According to Glenn Beck, Van Jones, who he managed to get fired, ACORN, anyone in Obama's administration and Democrats in general are ALL Communists! Like the Red Scare from the McCarthy era. As long as HE says it, he thinks he's exercising his first amendment rights, but the Glenn Becks, who 6 months ago, no had heard of, is CRYING all the way to the bank because he appeals to the "lunatic fringe" on the far right.

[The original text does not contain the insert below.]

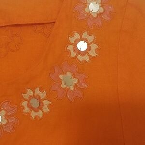 🦋J Crew Orange Linen Tunic - 3/4 sleeves - Size 0

I didn't say Republican because they are a "fractured" group, with no compass, no agenda of their own to justify, that's why they are the party of NO!

Cheney, his daughter who knows nothing, Tom Delay, Rick Santorum, Sarah Palin, failed candidate John McCain and their No. 1 son, Dick Armey are all advocates of those so-called "tea" parties, the birthers and the gun toters, all because Obama doesn't "fit" their All-American persona, but it's okay to send people of color and others, to die on the battlefields. The above have all "milked" the system, for their own benefit and Obama has taken their "sense of entitlement" away from them. No, they only want the government to take care of those that LOOK like them!
okie
 
  0  
Wed 28 Oct, 2009 04:57 pm
@teenyboone,
teeny, why do you continue to see everything through the prism of race? The Republicans have a chairman today that is black. The Republicans put a black on the Supreme Court, Clarence Thomas. Bush had many in his administration, example Condi Rice. Admit it, black conservatives are savaged by none other than the Democrats, and commonly fellow blacks. It is the race baiters like Jesse Jackson that do not want the issue of race to disappear, that is what they make their living off of. And also admit it, the Democrats are the groupees, they see everything through the prism of groups, of race, etc. Republicans want to progress past that childish way of looking at the world, they would like to look at people as individuals instead of helpless and downtrodden groups. And if you could also look at yourself as an individual, a successful one, perhaps you could also begin to realize the Democrats have done nothing for you. You have done it all for yourself. It has been your hard work and success that has made you the person you are. The content of your character, not the color of skin is what matters.
mysteryman
 
  1  
Wed 28 Oct, 2009 04:57 pm
@teenyboone,
You need some serious help!!!

Not every decision or opinion is based on racism, like you seem to think.
Get over yourself and get a grip on reality.
0 Replies
 
McGentrix
 
  0  
Wed 28 Oct, 2009 06:51 pm
You guys still read her posts? Huh.
cicerone imposter
 
  2  
Wed 28 Oct, 2009 06:54 pm
@McGentrix,
If we're still reading your crap, there's nothing wrong with "her stuff."
At least she believes in stuff that's probably been influenced by her experiences.